Your historical understanding is quite incorrect. A general method for finding solutions to any and all sorts of permutation puzzles was already known long before Erno Rubik ever conceived of his cube. Indeed, anyone with a basic grasp of commutators can derive a complete solution for any such puzzle with just a little bit of trial and error.
After the Rubik's Cube was released internationally in 1980 — and became an overnight sensation in much of the world — interested mathematicians almost immediately began to apply more powerful (and well known) group theoretic tools to it specifically, at least partially motivated by the desire to find more efficient solutions. The first algorithm based on those efforts had already been published by the end of 1980, and was written about in magazines in 1981.
In practice, efficient group theoretic algorithms rely heavily on large computer generated tables enumerating transitions between different families of positions. Finding a solution involves classifying a given position, looking up how to move from it to a more restricted family of positions, and then to a still more restricted family of positions, etc., until the cube is ultimately solved.
If you'd asked any of those interested mathematicians and computer scientists at the time if they thought increases in computing power would allow them to improve their algorithms, they would have said, "Obviously!" If you'd asked any of them if they thought Moore's Law would one day make God's Algorithm a reality, they would have said, "Almost certainly!"
Interestingly, practical implementations of God's Algorithm don't actually use group theory. While they similarly subdivide the Rubik's Cube's configuration space, it's generally not done in a group theoretic way. Depending on which method of subdivision is chosen, tens to thousands of megabytes of tables are calculated, in order to create an "admissible" heuristic for the distance from the target position. (If you later want to target a different position, i.e. other than the traditionally solved cube, you have to recalculate these tables!) IDA* can then be used to find and prove optimal solutions. IDA* itself was first described by Richard Korf in 1985, though it wasn't (publicly) applied to the Rubik's Cube until the late 90's, again by Richard Korf. If I had to guess, the decade-plus gap was simply due to lack of computing power.
I have absolutely no doubt that if you'd asked Richard Korf in 1985 whether IDA* could be applied to the Rubik's Cube, and whether Moore's Law would allow it to be a practical God's Algorithm within his lifetime, he would have said, "Absolutely!"

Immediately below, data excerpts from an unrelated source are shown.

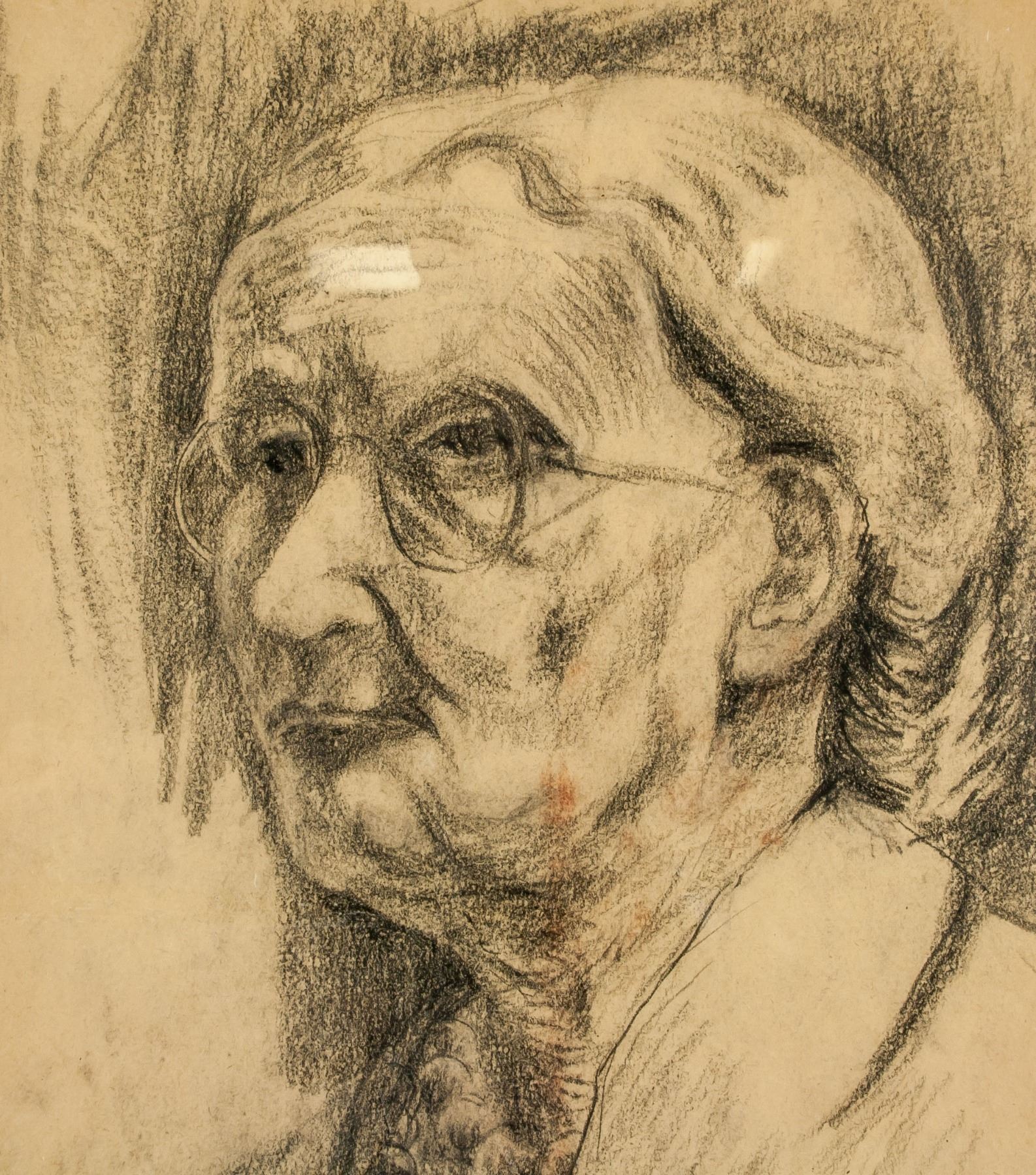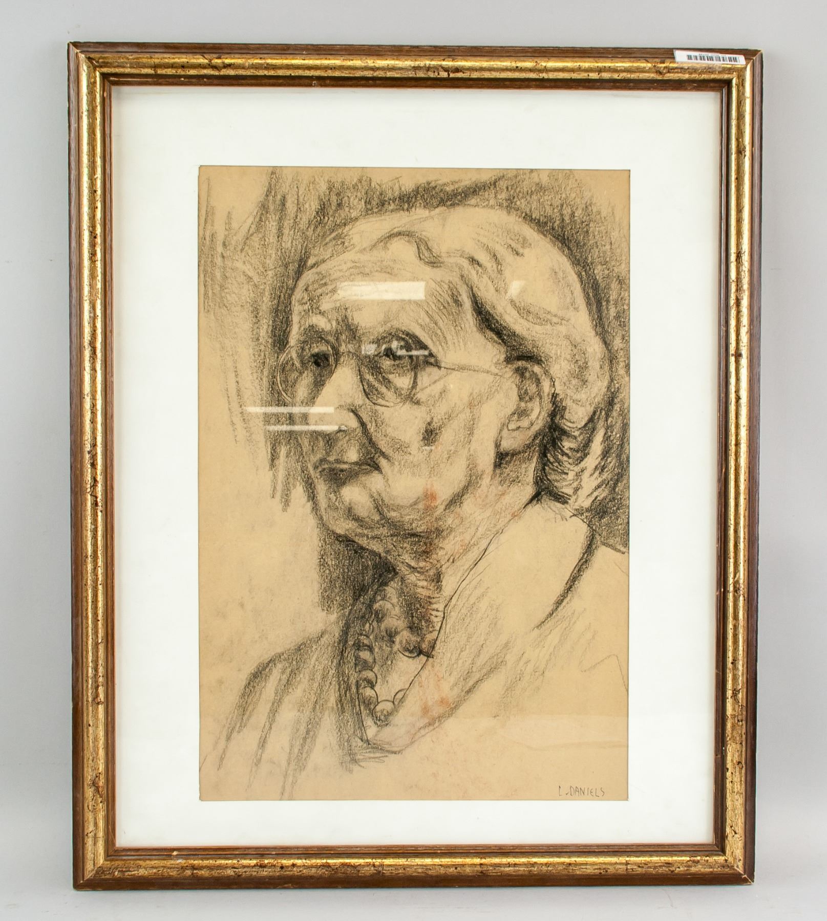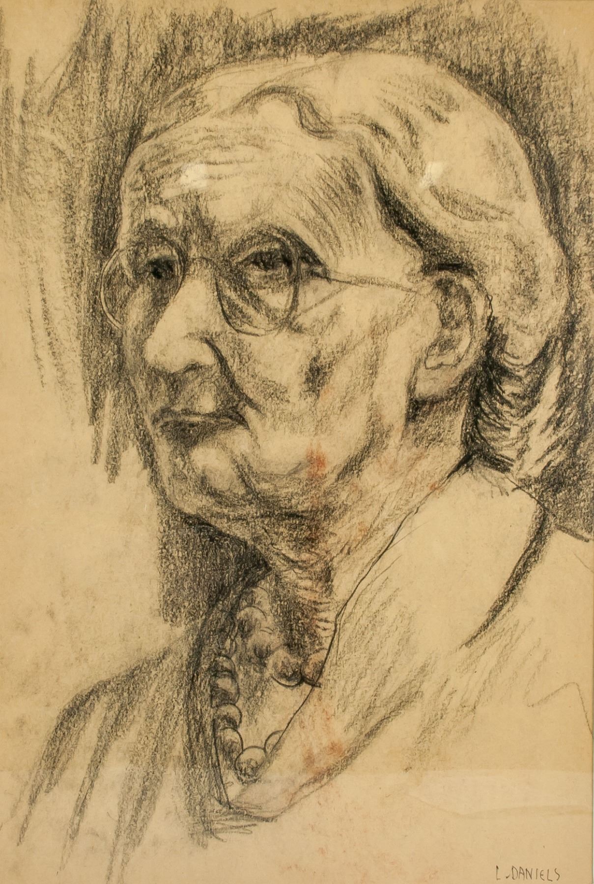 Charcoal on paper, portrait of an old lady framed. Signed on lower right corner. 16.5 x 11.5 inch, 42 x 29 cm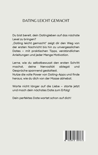 "Dating leicht gemacht: Von der ersten Nachricht bis zum perfekten Date"Du bist es leid, dich durch unzählige schlechte Dates zu kämpfen und dich dabei ständig unsicher zu fühlen?Du wünschst dir, mit Selbstbewusstsein und einem klaren Plan ins Datingleben zu starten?Dann ist "Dating leicht gemacht" der Ratgeber, den du brauchst, um deine Ängste zu überwinden und authentische Verbindungen zu schaffen.Dieses Buch begleitet dich auf deiner Reise, vom ersten Klick bis hin zu unvergesslichen Dates - Schritt für Schritt.Was du mit diesem Buch erreichst:Souverän den ersten Schritt machen: Erfahre, wie du die erste Nachricht spannend und sympathisch gestaltest, um von Anfang an einen guten Eindruck zu hinterlassen.Selbstbewusst auftreten: Lerne, wie du mit Unsicherheiten umgehst und auf Dates locker und authentisch bleibst.Dating-Profil optimieren: Hebe dich in der Welt der Dating-Apps von der Masse ab und ziehe genau die Menschen an, die wirklich zu dir passen.Mehr Freude beim Kennenlernen: Schluss mit zähen Gesprächen und peinlicher Stille - wir zeigen dir, wie du dein Gegenüber in spannende Unterhaltungen verwickelst.Erfolgreiche Dates planen: Vom ersten Treffen bis zum perfekten Date - mit unseren Tipps und Tricks wird jedes Date zu einem vollen Erfolg.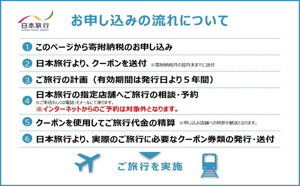 ■寄附のご入金確認後、利用に関する案内書面とともに「旅行クーポン」を郵送にてお送りします。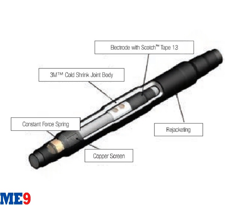 - Hộp nối cáp co nguội vỏ co nhiệt 24kV hãng 3M mã QS-2000E là loại vật tư dùng để nối 2 đoạn cáp trung thế cấp điện áp đến 24kV lại với nhau.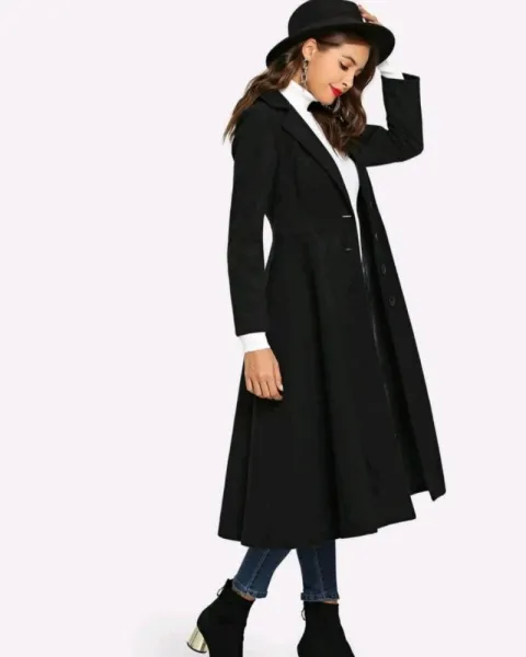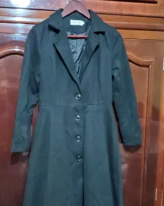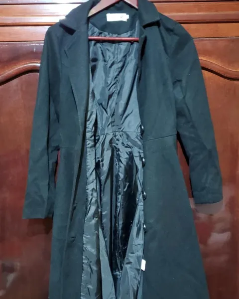 Abrigo nuevo largo, con forro y botones. Aunque la talla dice L es M, esta reducido en en la espalda.

Incidentally, you're also mistaken about the ease of computing an optimal solution. Even on modern desktops, some positions require hours to weeks of computation (depending on the size of the pre-generated tables available), though a random position typically requires seconds to minutes. "Instant" solvers all use group theoretic methods, aren't provably optimal, and almost never find optimal solutions in practice. (Good instant solvers still often find solutions of 20 or fewer moves, however. 20 is the diameter of the Rubik's Cube's Cayley graph, so that's pretty impressive!)
Anyway, I mean you no disrespect, but, your "sincere belief" and "good high-level look" at chess notwithstanding, you seem to be misinformed as to many basic facts, and to have a number of fundamental misapprehensions that contradict decades of firmly established research and the broad consensus of essentially all subject matter experts. You don't have a reasonable basis for any sort of intuition. In this instance you should do more than merely accept the possibility that you might be wrong. You are wrong, categorically.
The key facts about chess are:
- Its state space is vast enough that Moore's Law will be halted by physics long before brute force becomes viable.
- Its game tree lacks sufficient structure to be meaningfully simplified.
- Which means it can't have an admissible heuristic evaluation function with significantly less entropy than the game tree itself.
- There's an unimaginably vast, practical, and conceptual gulf between finding the shortest path between two given nodes (i.e. solving a Rubik's Cube), and proving that all possible opponent responses lie on paths that can be forced to a particular terminal evaluation (what you need to do to solve Chess.)
With respect to that last bullet, consider the difference between the following two tasks:
- Find the provably shortest sequence of roads leading from your current location to Rome. This is a relatively simple task. It has an obvious admissible heuristic and readily submits to dynamic programming.
- Prove that all roads lead to Rome. This is obviously intractable. There obviously can't be a low-entropy admissible heuristic, as there's absolutely nothing preventing any given road from terminating before it connects with a Romeward network. You just have to examine each and every road.